Inicialmente, é preciso entender que a escolha da marca contribui muito para sua longevidade. Então, a princípio, é necessário escolher uma escova bem avaliada.
Além disso, a frequência que uma escova de dentes elétrica é usada e a pressão aplicada durante a escovação também afetam sua vida útil. Sem contar, os cuidados com o dispositivo, que contam ainda mais. Nesse caso, é importante armazenar em um local seco e em posição vertical e lavar bem o item após o uso.

Sobretudo, uma escova de dentes elétrica pode durar muito tempo, bastando apenas fazer as manutenções adequadas, como carregamento ou a troca de bateria. Por outro lado, assim como uma escova comum, é necessário trocar a parte em que ficam as cerdas a cada três meses. O que seria o mesmo tempo em que trocamos as escovas convencionais.
Contudo, se algum componente que não for “substituível” na escova elétrica estiver danificado, é necessário trocar todo o dispositivo, pois pode prejudicar a escovação. Esse seria o caso de escovas elétricas com cabeças rachadas ou quebradas, conexões soltas e até mesmo, botões com defeito são indicadores.

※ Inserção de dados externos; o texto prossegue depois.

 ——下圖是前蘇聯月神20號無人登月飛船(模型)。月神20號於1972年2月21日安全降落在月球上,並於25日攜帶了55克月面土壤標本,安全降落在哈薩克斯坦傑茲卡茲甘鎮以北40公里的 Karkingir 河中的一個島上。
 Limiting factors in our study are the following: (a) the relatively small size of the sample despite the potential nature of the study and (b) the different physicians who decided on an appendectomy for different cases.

O que fazer com escova elétrica que parou de funcionar?
Antes de mais nada, é necessário entender as orientações da marca do seu dispositivo elétrico em caso de defeito. Em outras palavras, se a sua escova de dente elétrica parou de funcionar, você pode recorrer aos canais que a marca disponibiliza para encontrar a solução.

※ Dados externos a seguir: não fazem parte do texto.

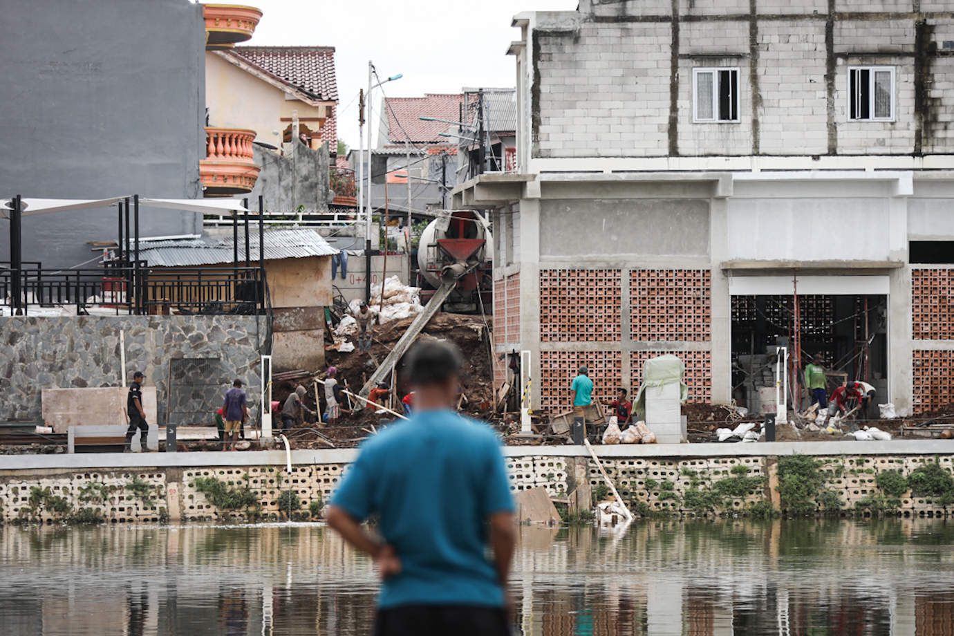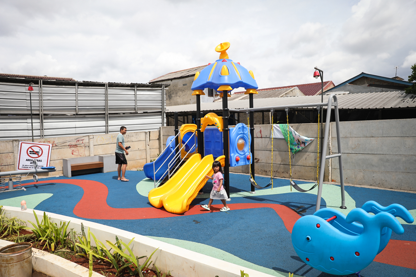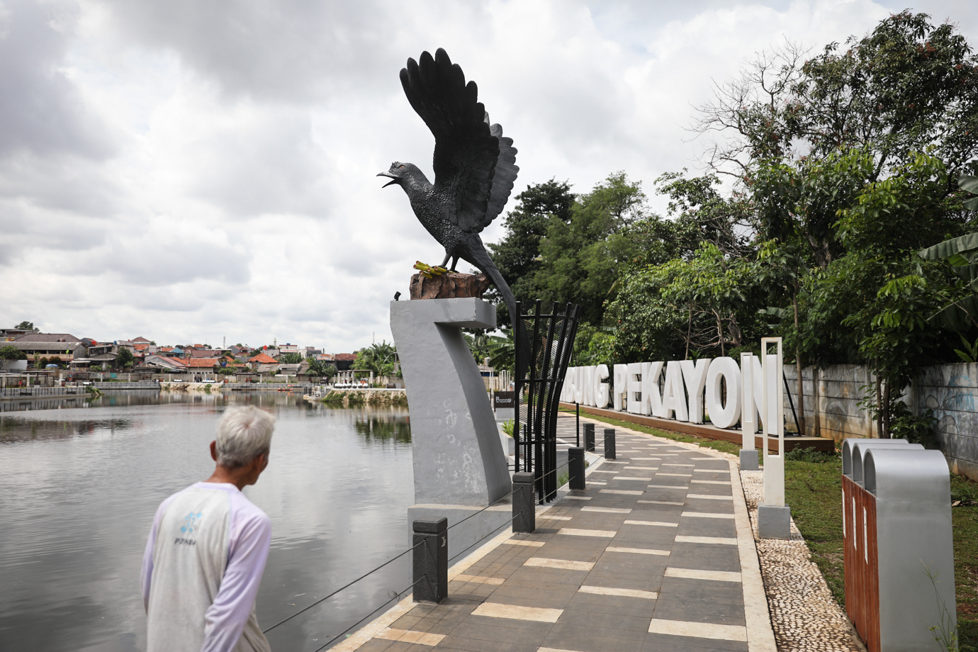 Sejumlah warga beraktivitas di dalam kawasan Embung Pekayon, Jalan Gandaria, Pasar Rebo, Jakarta Timur, Senin (20/1). Selain dibangun untuk pengendali banjir, Embung Pekayon juga dapat dimanfaatkan warga sebagai tempat interaksi publik, sarana rekreasi dan olahraga, serta area bermain anak yang ramah dan nyaman.

No caso da Oral B, por exemplo, uma das escovas de dente elétricas mais vendidas no Brasil, em 2023, segundo o Mercado Livre, a marca tem diversas orientações sobre problemas com a bateria dos dispositivos. Em uma página do site oficial da marca é possível ler as soluções em um artigo intitulado “Problema de bateria com a minha escova de dentes elétrica”.

No geral, as orientações indicam que o consumidor verifique itens de tomada elétrica, superfície onde o item está sendo carregado e se a escova foi devidamente desligada.
Em outro artigo no site da Oral B, a marca coloca medidas a serem falhas na cabeça de substituição da escova de dentes elétrica quando o componente para de girar.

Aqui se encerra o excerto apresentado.